Navin Sinha, J. (Oral) - I.A. No. 1997 of 2013 has been filed to condone the delay of approximately 154 days in the filing of the Appeal. Having heard counsel for the parties and the reasons for the delay, in the interest of justice, we condone the same and take up the Appeal for disposal on merits.
2. In view of the nature of order to be passed, we refrain from considering on merits the submissions on behalf of the parties lest it may be prejudice either party. All questions of facts and law are therefore left open to be agitated by the parties before the Appellate Tribunal forum.
3. A proceeding was drawn up under Section 7A of the Employees Provident Fund and Miscellaneous Provisions Act, 1952 (hereinafter called "the Act") against the respondent for determining the amount due. After an enquiry, with due opportunity to the respondents, the dues payable under Section 7A and 7Q of the Act were determined by order dated 30.06.2006.
4. The respondent challenged the same in C.W.J.C. No. 9102 of 2006. The learned Single Judge opined that fixation of liability "on a begotten kind of evidence" was not sustainable. The order was set aside and any recovery made was directed to be refunded.
5. Learned counsel for the Appellants submitted that an order passed under Section 7A is Appealable before the Tribunal under Section 7-I. The respondent could not have preferred a writ petition by-passing the statutory alternate remedy. The learned Single Judge should have appropriately declined jurisdiction and directed the respondent to approach the Tribunal. There has been no violation of the principles of natural justice or assumption of jurisdiction not vested in the law. Reliance has been placed on 2000 (2) PLJR 295 (DB) (Alcatel Modi Net Work System Limited v. State of Bihar) to submit that objection with regard to non maintainability of the writ petition on grounds of an alternate statutory remedy can well be raised in Appeal even if it had not been raised before the learned Single Judge, it being a plea of jurisdiction going to the root of the matter.

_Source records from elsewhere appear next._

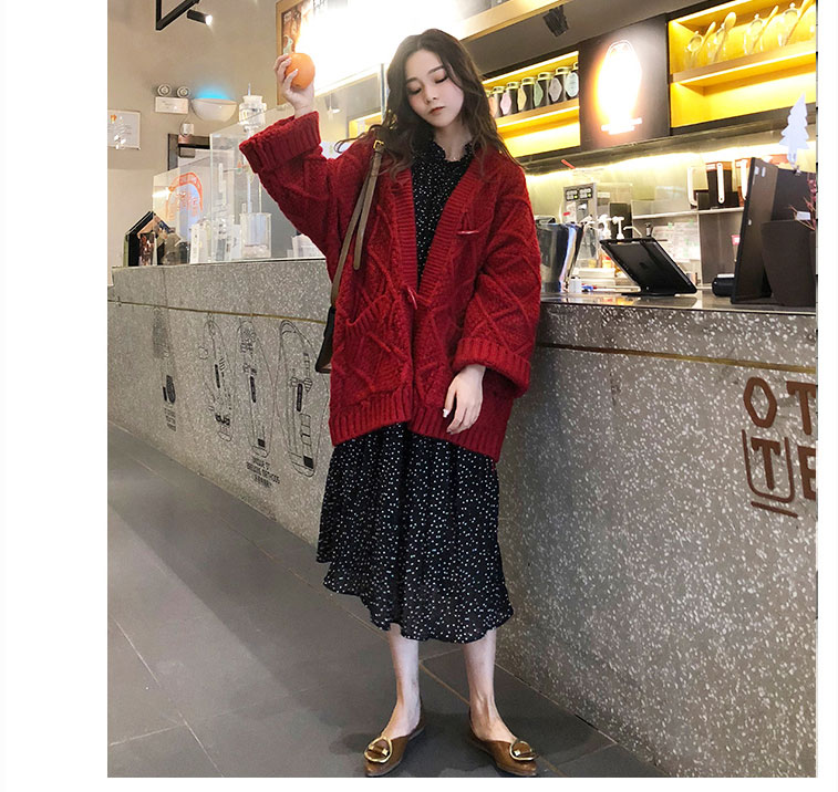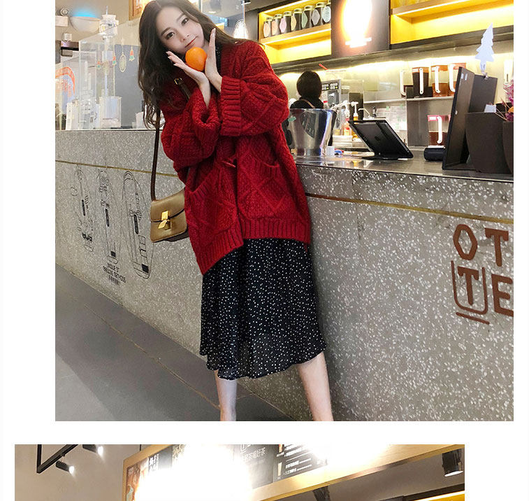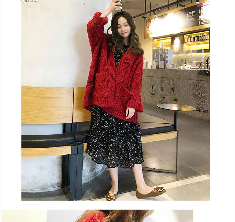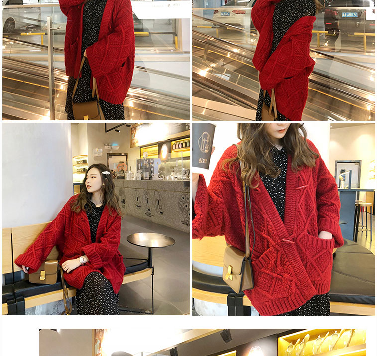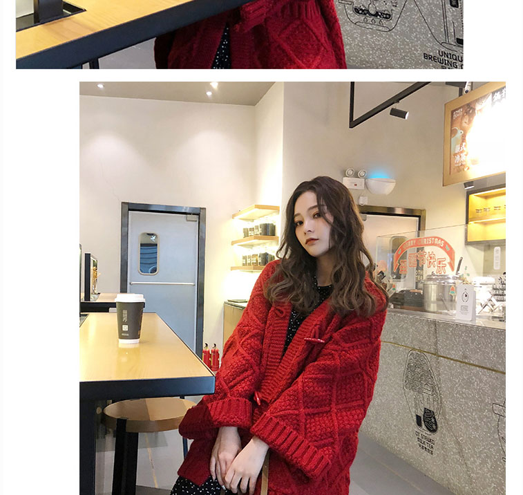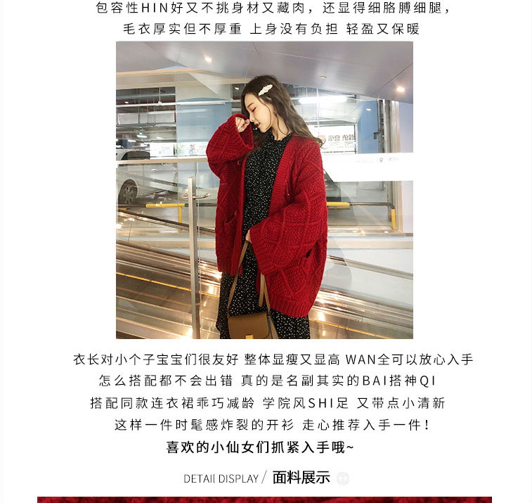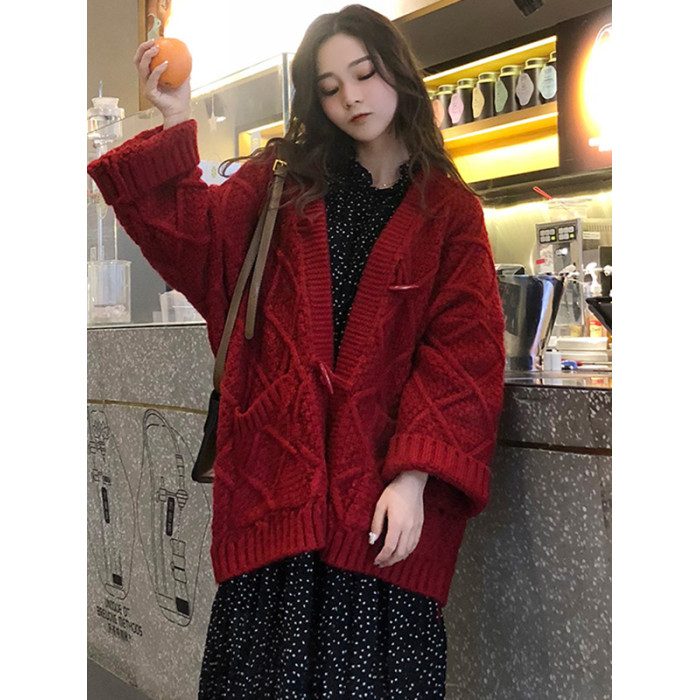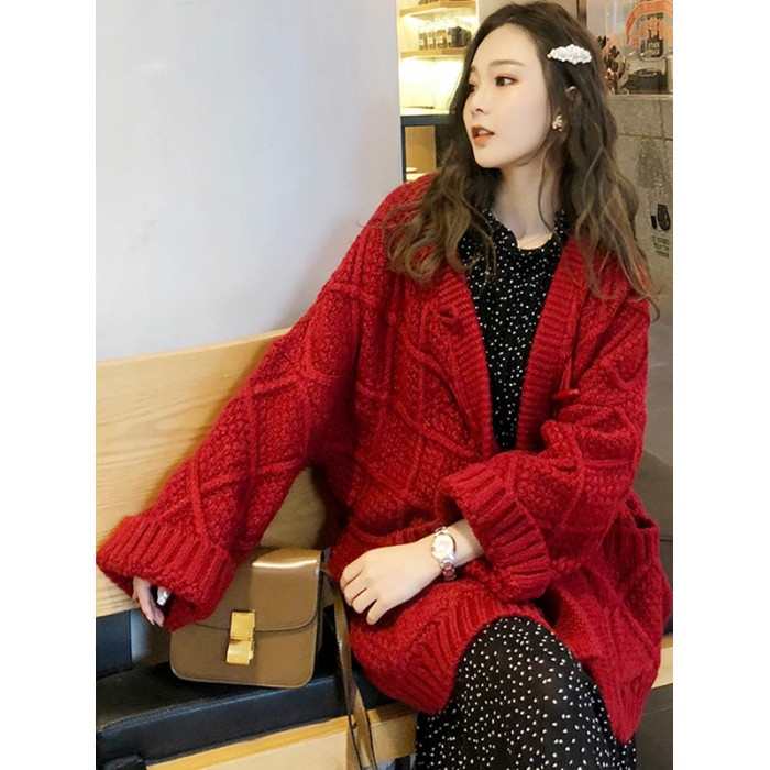 毛衣外套女開衫寬松慵懶風中長款加厚2025秋冬紅色本命年針織外套
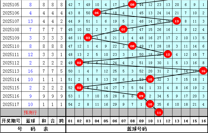 前9期开出7个蓝球号码,蓝球以冷码为主,热码蓝球开出相对较少,还没有出现的蓝球为:01、04、05、06、07、11、13、14、15,共9个,本期防蓝球为冷码,遗漏值较大,参考蓝球号码11。
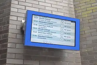 - De vertrektijd en de treinsoort (- Internationale trein, Hogesnelheidstrein, Intercity, Sneltrein, Stoptrein, Sprinter of speciale trein). Indien de trein vertraagd is gaat er een blauwe balk knipperen onder de treinsoort met de vertraging in een veelvoud van vijf minuten.
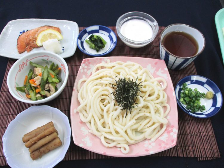 ざるうどん、ますの幽庵焼き、アスパラと鶏肉のソテー、たたきごぼう、野沢菜切漬、
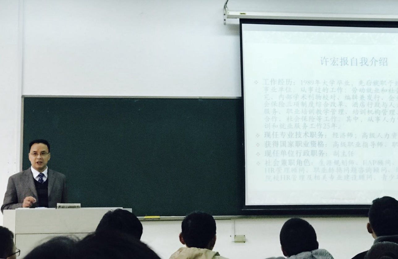 11月22日下午,南京市职业技术培训指导中心副主任许宏报在我校仙林校区德正楼作主题为“大学、专业、未来”的学术讲座,我院劳动与社会保障专业任课教师与1701班全体同学聆听了此次讲座。
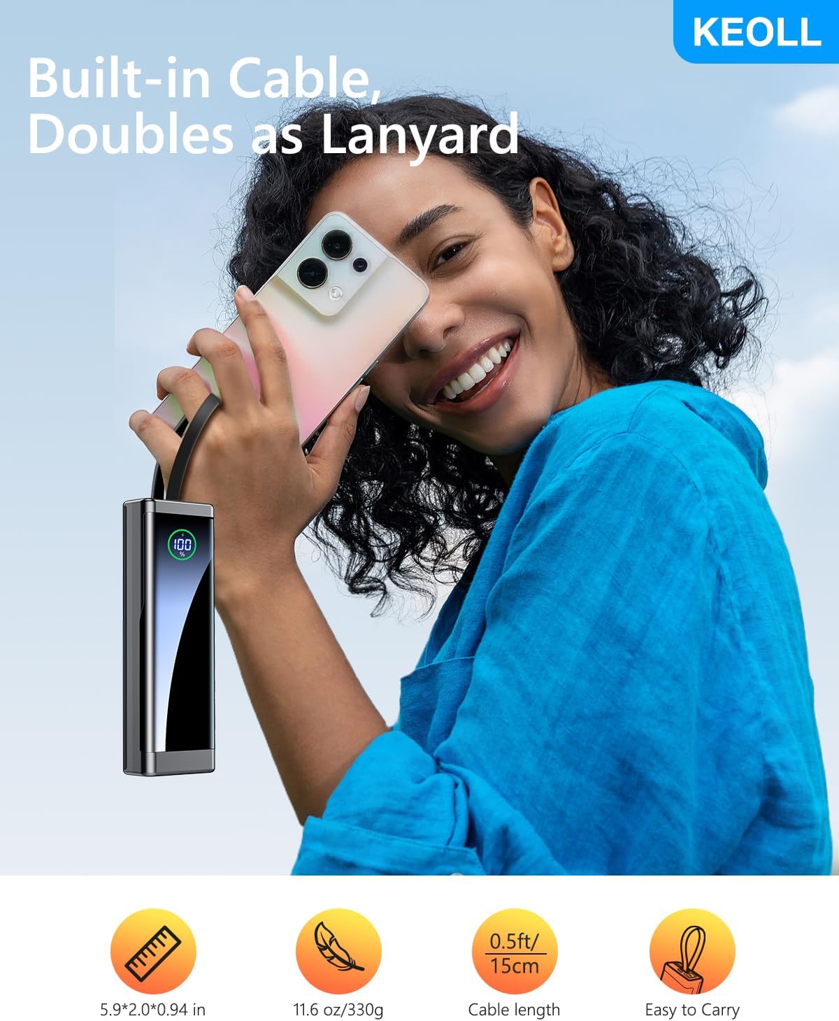 - 2 Ports +1 Cable Portable Charger: Portable phone charger has a built -in USB-C cable means it's always ready to charge your phone( for iPhone 16/15 Series and other USB-C devices), no more "having the power bank but no cable". It also has a USB-C and USB-A ports for charging other devices. KEOLL power bank delivers consistently fast and efficient output without any hiccups

6. Learned counsel for the respondent submitted that the writ petition was filed on 28.07.2006. It has remained pending before this Court till disposal on 20.07.2012. Pleadings had been exchanged and therefore the learned Single Judge committed no error in dealing with the matter on merits. Reliance is placed on 1998 (2) PLJR 148 (DB) (M/s Tis Fab Limited v. The State of Bihar), 2002 (1) PLJR 142 (SC) (State of Bihar v. Jain Plastics & Chemicals Limited), 2002 (2) PLJR 553 (DB) (Kanhaiya Lal v. The State of Bihar), and 2004 (2) PLJR 621 (DB) (Om Prakash Singh v. The State of Bihar). The objection cannot be taken in Appeal as it was not raised before the learned Single Judge. The original records had also been called for by the Court and examined as mentioned in the order. In the facts of the case, considering the passage of time, exchange of pleadings and consideration of the original records, the present is not a fit case for relegating the respondent to the alternative statutory remedy and it shall be onerous.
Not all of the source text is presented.